May 19, 2019
Syrian rebels (click here) held onto a commanding position in a mountain range in the coastal province of Latakia, the ancestral home of Syrian President Bashar Assad, after government forces were forced to withdraw.
They said the army's attempt was the latest of several costly campaigns to seize Kubayna, after it mounted an offensive last month with Russian air power to retake main highways and trade arteries around Idlib and northern Hama now in rebel hands, that have fragmented the country's war-torn economy.
The northwest represents the last big piece of territory held by rebels opposed to Assad. The coastal province of Latakia is home to the Assad family's Alawite minority.
"Whoever controls Kubayna ensures a large stretch of territory is effectively under their firing range. The regime wants it to protect its coastal villages from rebel fire," said Major Youssef Hamoud, spokesman for the Turkey-backed group of mainstream rebels called the National Army.
An official from Tahrir Al Sham, the latest incarnation of the former Al Nusra Front which was part of Al Qaeda, said poison gas was used in the army's attack on their position on the mountain slopes in an attempt to regain control.

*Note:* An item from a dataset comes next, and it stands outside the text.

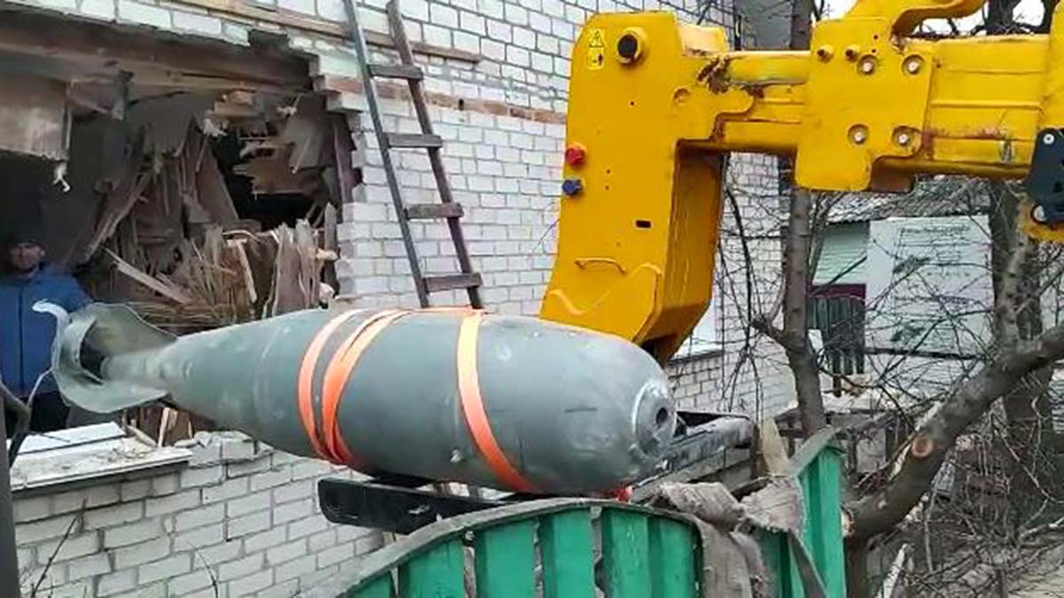 Ukrayna’nın Çernihiv kentinde bir eve düşen ve infilak etmeyen bomba, acil servis ekipleri tarafından çıkarıldı.
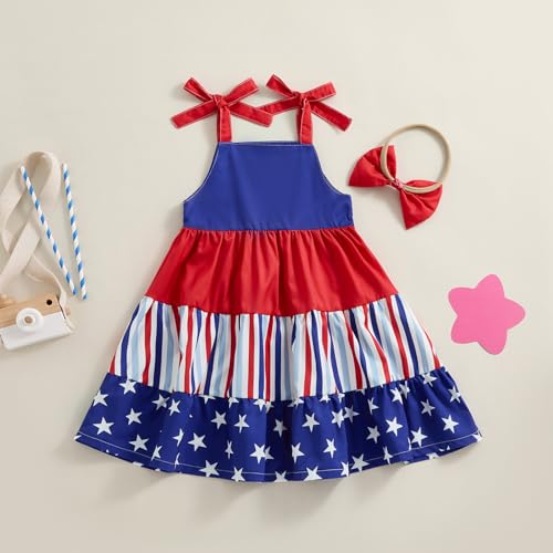 • Design: 4th of july baby girl outfits,sleeveless backless dress,spaghetti strap ice cream/stars ans stripes/american flag print Independence Day princess dress,red and bule bow headband, kids girls fourth of july dress.Baby girl 4th of july outfit,4th of july dress toddler girl,little girl 4th of july outfit,red white and blue dress.

Abu Baraa Al Shami, a fighter based there, told Reuters that several fighters suffered choking symptoms.
The army denied the claim and said it was continuing to fight terrorism, with state media earlier saying the military had struck at Al Qaeda terrorists in the last foothold in Latakia province that has long been a launching pad for drone attacks on the main Russian base of Hmeimim nearby....
How noble, Assad is still fighting terrorists rather than being one.